Working from the records below, return word for word the line that contains "第二环节由南昌大学第一附属医" and each line after it, ending with the last. Skip all pictures.

--- Task inputs Enclosed Below ---

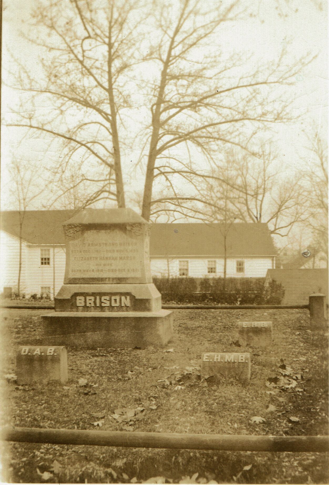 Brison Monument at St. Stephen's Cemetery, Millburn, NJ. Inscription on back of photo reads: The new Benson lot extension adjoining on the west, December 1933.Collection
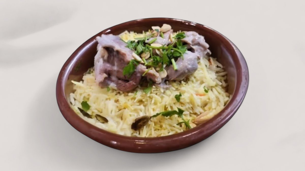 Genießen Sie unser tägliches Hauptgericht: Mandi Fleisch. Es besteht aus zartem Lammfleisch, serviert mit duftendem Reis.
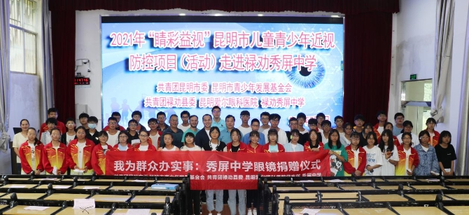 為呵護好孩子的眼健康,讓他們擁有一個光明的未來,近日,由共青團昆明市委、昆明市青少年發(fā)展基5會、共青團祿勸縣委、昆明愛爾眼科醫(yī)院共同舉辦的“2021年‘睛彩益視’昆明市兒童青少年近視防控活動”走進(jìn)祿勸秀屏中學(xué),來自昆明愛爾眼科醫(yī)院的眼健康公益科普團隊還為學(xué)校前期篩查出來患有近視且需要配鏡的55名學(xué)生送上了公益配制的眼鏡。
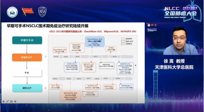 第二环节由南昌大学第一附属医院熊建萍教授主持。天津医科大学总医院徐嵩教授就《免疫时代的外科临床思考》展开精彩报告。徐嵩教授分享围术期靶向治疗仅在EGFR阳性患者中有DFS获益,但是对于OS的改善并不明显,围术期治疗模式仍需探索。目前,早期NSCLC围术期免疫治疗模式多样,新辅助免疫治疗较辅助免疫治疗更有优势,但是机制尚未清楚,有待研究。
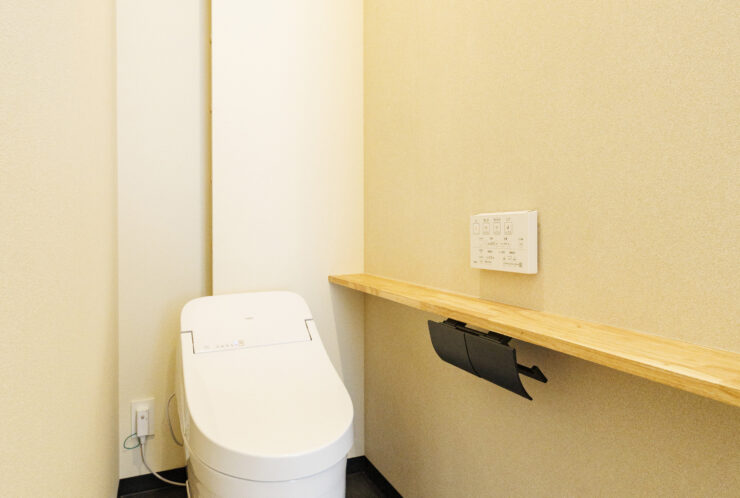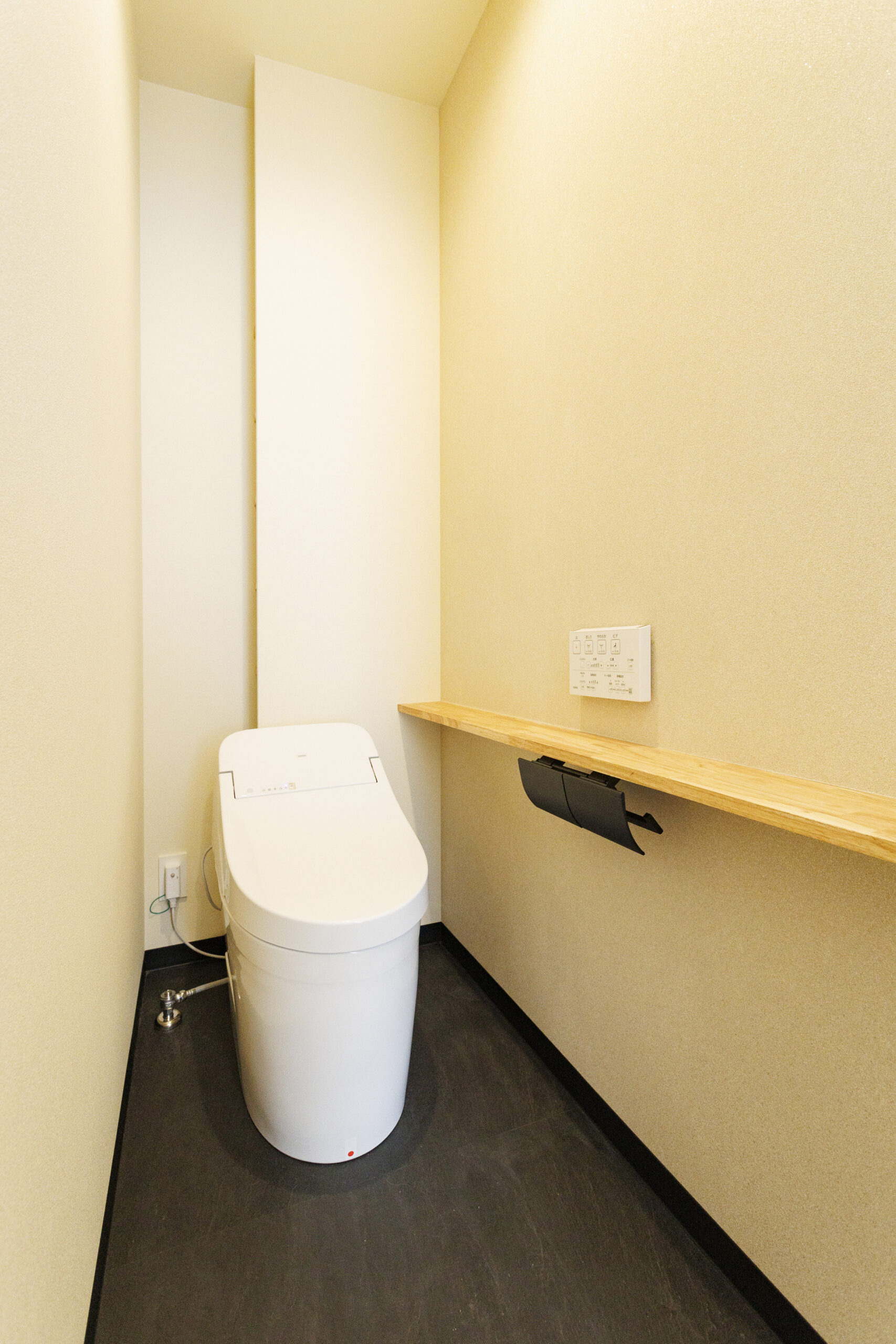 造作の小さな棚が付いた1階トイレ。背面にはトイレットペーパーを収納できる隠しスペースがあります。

--- End of Enclosed Task inputs ---

**Answer space:**
 第二环节由南昌大学第一附属医院熊建萍教授主持。天津医科大学总医院徐嵩教授就《免疫时代的外科临床思考》展开精彩报告。徐嵩教授分享围术期靶向治疗仅在EGFR阳性患者中有DFS获益,但是对于OS的改善并不明显,围术期治疗模式仍需探索。目前,早期NSCLC围术期免疫治疗模式多样,新辅助免疫治疗较辅助免疫治疗更有优势,但是机制尚未清楚,有待研究。
 造作の小さな棚が付いた1階トイレ。背面にはトイレットペーパーを収納できる隠しスペースがあります。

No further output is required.